:: Entries supplied
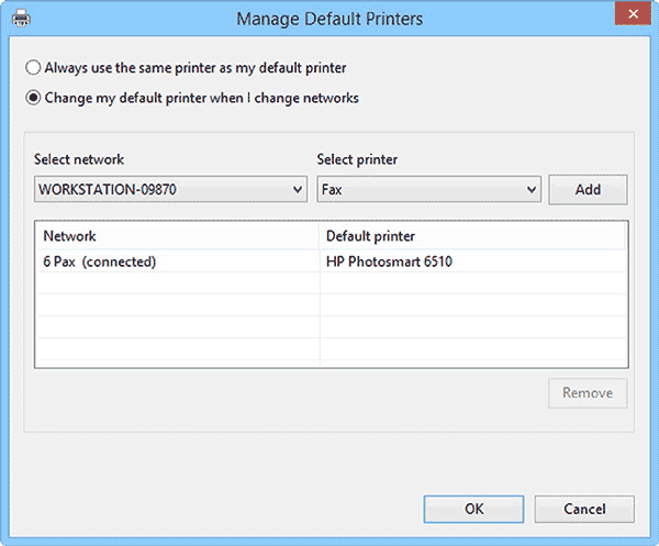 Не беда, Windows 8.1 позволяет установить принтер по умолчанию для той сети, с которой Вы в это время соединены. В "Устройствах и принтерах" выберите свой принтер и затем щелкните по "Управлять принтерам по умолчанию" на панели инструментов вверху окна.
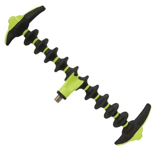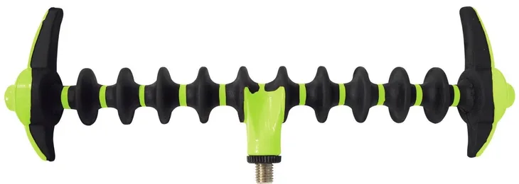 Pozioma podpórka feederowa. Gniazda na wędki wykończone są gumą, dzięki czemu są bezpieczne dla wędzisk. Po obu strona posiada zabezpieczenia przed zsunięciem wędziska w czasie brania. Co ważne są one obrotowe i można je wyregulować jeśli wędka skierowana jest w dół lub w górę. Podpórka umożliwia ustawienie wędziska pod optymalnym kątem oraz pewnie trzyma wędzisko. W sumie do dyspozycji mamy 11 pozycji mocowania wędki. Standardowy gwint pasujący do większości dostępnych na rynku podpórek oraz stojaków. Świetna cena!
::::
:: Entries supplied
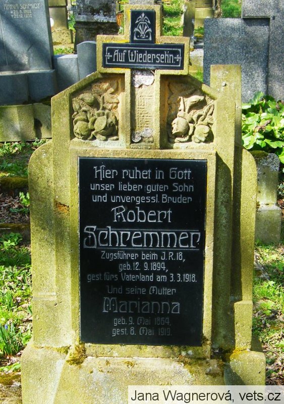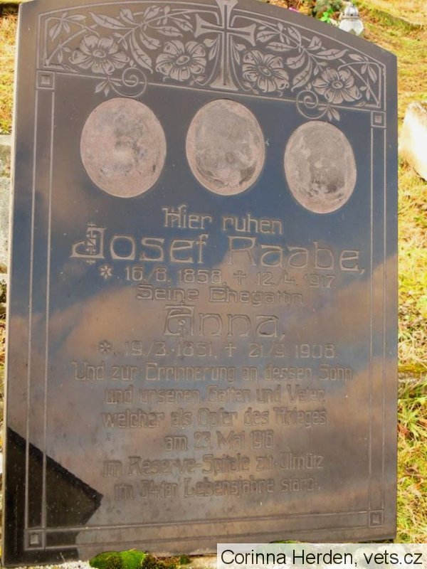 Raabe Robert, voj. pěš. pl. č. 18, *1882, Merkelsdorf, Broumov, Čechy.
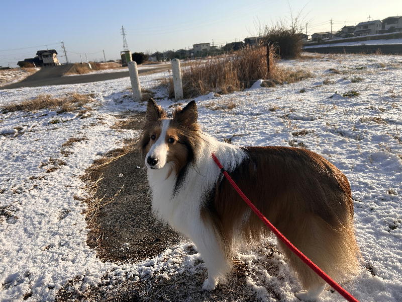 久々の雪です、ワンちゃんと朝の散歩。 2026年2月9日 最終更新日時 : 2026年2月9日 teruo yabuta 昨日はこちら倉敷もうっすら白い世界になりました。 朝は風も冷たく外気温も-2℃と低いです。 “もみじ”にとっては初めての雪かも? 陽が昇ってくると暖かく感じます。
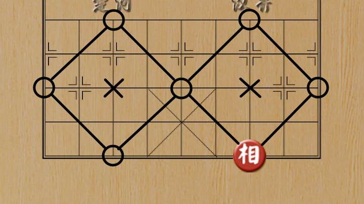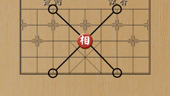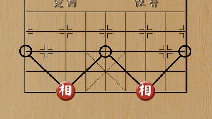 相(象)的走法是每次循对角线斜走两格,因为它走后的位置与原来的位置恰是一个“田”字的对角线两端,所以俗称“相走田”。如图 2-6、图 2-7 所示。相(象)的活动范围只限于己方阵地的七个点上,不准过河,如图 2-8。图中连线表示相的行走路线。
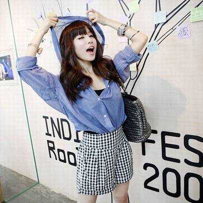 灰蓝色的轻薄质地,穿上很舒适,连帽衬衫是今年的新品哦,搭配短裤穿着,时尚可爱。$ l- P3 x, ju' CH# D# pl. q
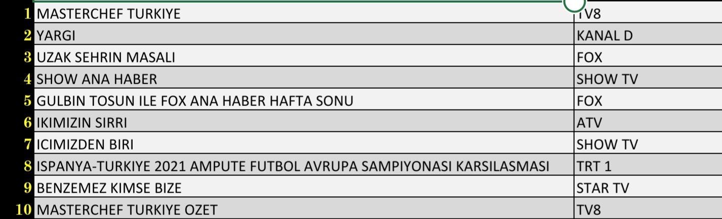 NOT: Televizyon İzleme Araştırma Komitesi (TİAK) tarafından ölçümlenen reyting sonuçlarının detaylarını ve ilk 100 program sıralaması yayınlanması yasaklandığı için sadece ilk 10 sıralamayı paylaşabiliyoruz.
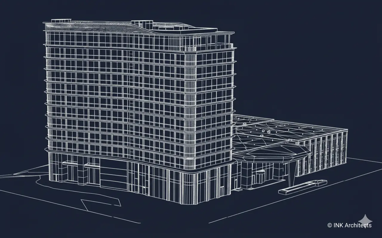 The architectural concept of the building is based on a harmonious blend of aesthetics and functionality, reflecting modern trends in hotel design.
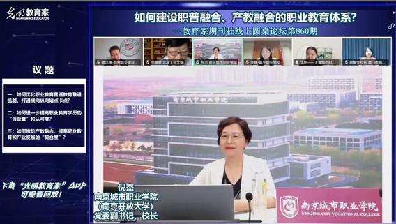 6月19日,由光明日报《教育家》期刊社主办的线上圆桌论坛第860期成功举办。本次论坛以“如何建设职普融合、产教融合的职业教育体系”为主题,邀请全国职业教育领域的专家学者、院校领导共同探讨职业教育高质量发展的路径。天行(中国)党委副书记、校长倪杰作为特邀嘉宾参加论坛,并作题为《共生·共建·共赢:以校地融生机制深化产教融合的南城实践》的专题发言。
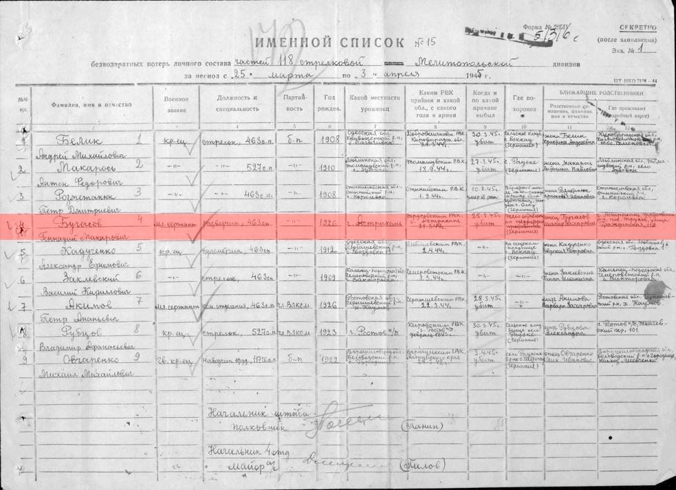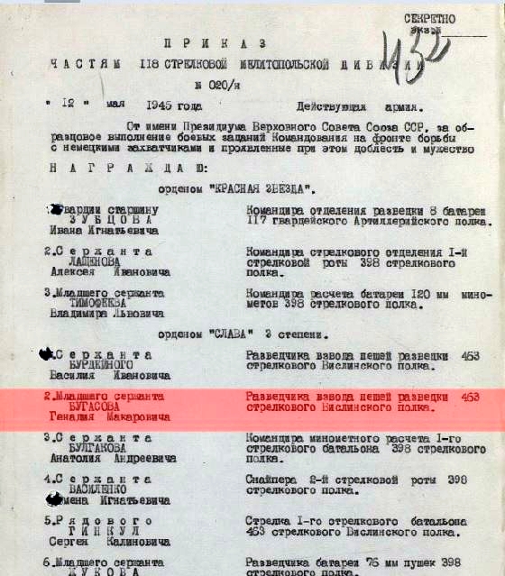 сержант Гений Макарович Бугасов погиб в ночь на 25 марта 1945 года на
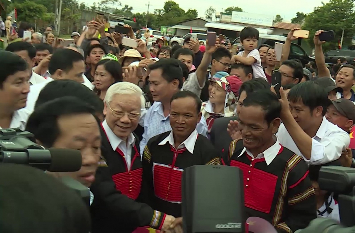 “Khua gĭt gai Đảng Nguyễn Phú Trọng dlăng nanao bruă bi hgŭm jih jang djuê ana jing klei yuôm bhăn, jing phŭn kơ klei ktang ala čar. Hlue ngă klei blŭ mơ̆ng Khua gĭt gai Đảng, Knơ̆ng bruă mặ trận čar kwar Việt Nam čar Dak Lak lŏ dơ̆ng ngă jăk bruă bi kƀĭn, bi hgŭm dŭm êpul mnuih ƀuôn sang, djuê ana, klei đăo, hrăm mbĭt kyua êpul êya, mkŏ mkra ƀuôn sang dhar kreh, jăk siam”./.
::::
Your instructions = Look above for the line with "2-7 所示。相(象)的活动范围只限于己方阵地的七个点上,不准过河,如图 2-8。图中连线表示相的行走路线。", then give again exactly every line from there through the line with "gai Đảng Nguyễn", skipping the pictures.

Reply =
 相(象)的走法是每次循对角线斜走两格,因为它走后的位置与原来的位置恰是一个“田”字的对角线两端,所以俗称“相走田”。如图 2-6、图 2-7 所示。相(象)的活动范围只限于己方阵地的七个点上,不准过河,如图 2-8。图中连线表示相的行走路线。
 灰蓝色的轻薄质地,穿上很舒适,连帽衬衫是今年的新品哦,搭配短裤穿着,时尚可爱。$ l- P3 x, ju' CH# D# pl. q
 NOT: Televizyon İzleme Araştırma Komitesi (TİAK) tarafından ölçümlenen reyting sonuçlarının detaylarını ve ilk 100 program sıralaması yayınlanması yasaklandığı için sadece ilk 10 sıralamayı paylaşabiliyoruz.
 The architectural concept of the building is based on a harmonious blend of aesthetics and functionality, reflecting modern trends in hotel design.
 6月19日,由光明日报《教育家》期刊社主办的线上圆桌论坛第860期成功举办。本次论坛以“如何建设职普融合、产教融合的职业教育体系”为主题,邀请全国职业教育领域的专家学者、院校领导共同探讨职业教育高质量发展的路径。天行(中国)党委副书记、校长倪杰作为特邀嘉宾参加论坛,并作题为《共生·共建·共赢:以校地融生机制深化产教融合的南城实践》的专题发言。
 сержант Гений Макарович Бугасов погиб в ночь на 25 марта 1945 года на
 “Khua gĭt gai Đảng Nguyễn Phú Trọng dlăng nanao bruă bi hgŭm jih jang djuê ana jing klei yuôm bhăn, jing phŭn kơ klei ktang ala čar. Hlue ngă klei blŭ mơ̆ng Khua gĭt gai Đảng, Knơ̆ng bruă mặ trận čar kwar Việt Nam čar Dak Lak lŏ dơ̆ng ngă jăk bruă bi kƀĭn, bi hgŭm dŭm êpul mnuih ƀuôn sang, djuê ana, klei đăo, hrăm mbĭt kyua êpul êya, mkŏ mkra ƀuôn sang dhar kreh, jăk siam”./.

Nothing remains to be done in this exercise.